Simulation / Modeling / Design

Improving Network Performance of HPC Systems Using NVIDIA Magnum IO NVSHMEM and GPUDirect Async

Today’s leading-edge high performance computing (HPC) systems contain tens of thousands of GPUs. In NVIDIA systems, GPUs are connected on nodes through the NVLink scale-up interconnect, and across nodes through a scale-out network like InfiniBand. The software libraries that GPUs use to communicate, share work, and efficiently operate in parallel are collectively called NVIDIA Magnum IO, the architecture for parallel, asynchronous, and intelligent data center IO.

For many applications, scaling to such large systems requires high efficiency for fine-grain communication between GPUs. This is especially critical for workloads targeting strong scaling, where computing resources are added to reduce the time to solve a given problem.

NVIDIA Magnum IO NVSHMEM is a communication library that is based on the OpenSHMEM specification and provides a partitioned global address space (PGAS) data access model to the memory of all GPUs in an HPC system.

This library is an especially suitable and efficient tool for workloads targeting strong scaling because of its support for GPU-integrated communication. In this model, data is accessed through one-sided read, write, and atomic update communication routines.

This communication model achieves a high efficiency for fine-grain data access through NVLink because of the tight integration with the GPU architecture. However, high efficiency for internode data access has remained a challenge because of the need for the host CPU to manage communication operations.

This post introduces a new communication methodology in NVSHMEM called InfiniBand GPUDirect Async (IBGDA) built on top of the GPUDirect Async family of technologies. IBGDA was introduced in NVSHMEM 2.6.0 and significantly improved upon in NVSHMEM 2.7.0 and 2.8.0. It enables the GPU to bypass the CPU when issuing internode NVSHMEM communication without any changes to existing applications. As we show, this leads to significant improvements in throughput and scaling for applications using NVSHMEM.
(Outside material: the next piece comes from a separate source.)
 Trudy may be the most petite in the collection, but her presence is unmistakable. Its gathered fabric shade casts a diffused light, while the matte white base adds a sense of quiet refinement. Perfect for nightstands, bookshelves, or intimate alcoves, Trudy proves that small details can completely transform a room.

Proxy-initiated communication

Control flow diagram with four components: GPU, host memory, CPU, and NIC. The diagram marks the control flow with numbers corresponding to the sequence of operations described in this section.
Figure 1. GPU communications using the CPU proxy to initiate NIC communications causes communication bottlenecks

Using NVLink for intranode communication can be achieved through GPU streaming multiprocessor (SM)–initiated load and store instructions. However, internode communication involves submitting a work request to a network interface controller (NIC) to perform an asynchronous data transfer operation.
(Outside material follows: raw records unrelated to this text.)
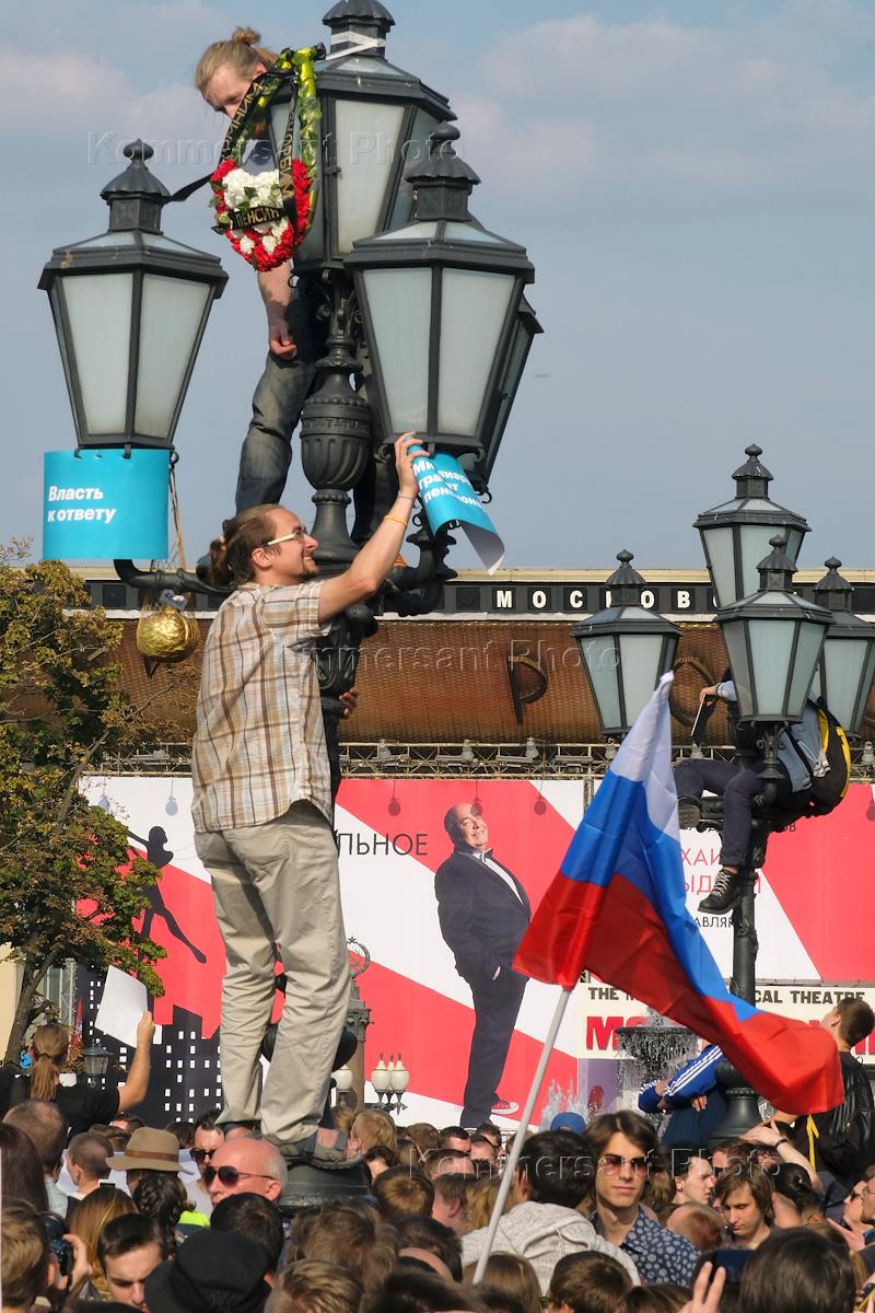 Митинг против пенсионной реформы прошел на Пушкинской площади. Участники во время митинга.
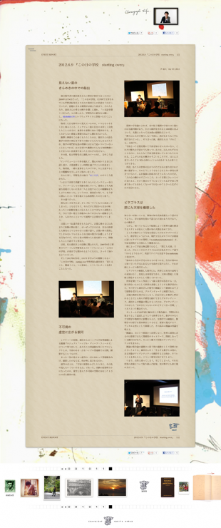 WordPressを導入し、イベント情報やインタビュー記事を作成、更新できるようになっています。ただしグローバルナビゲーションがないため、インタビュー記事・イベントレポート・コラムを閲覧するためにはすべてのボタンをクリックし、中身を確認する必要があります。ぜひ探してみてください!
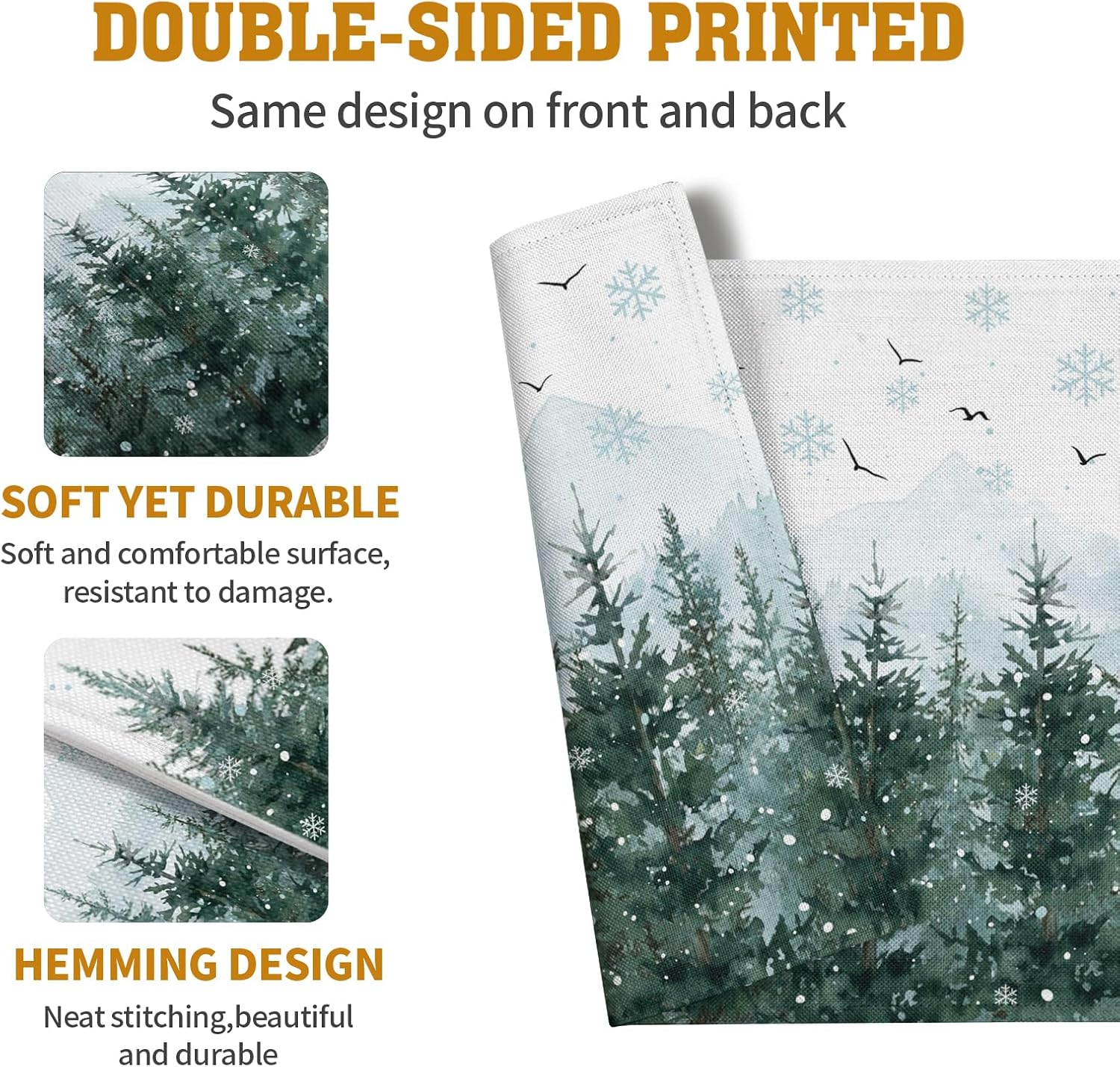 - PERFECTLY SIZE: The pine tree placemats set of 4, Each winter tree place mat is 18×12 inch (45cmx30cm) that can exactly fits your needs to use in all kinds of situations.

Before the introduction of IBGDA, the NVSHMEM InfiniBand Reliable Connection (IBRC) transport used a proxy thread on the CPU to manage communication (Figure 1). When using a proxy thread, NVSHMEM performs the following sequence of operations:

  1. The application launches a CUDA kernel that produces data in GPU memory.
  2. The application calls an NVSHMEM operation (such as nvshmem_put) to communicate with another processing element (PE). This operation can be called from within a CUDA kernel when performing fine-grain or overlapped communication. The NVSHMEM operation writes a work descriptor to the proxy buffer, which is in the host memory.
  3. The NVSHMEM proxy thread detects the work descriptor and initiates the corresponding network operation.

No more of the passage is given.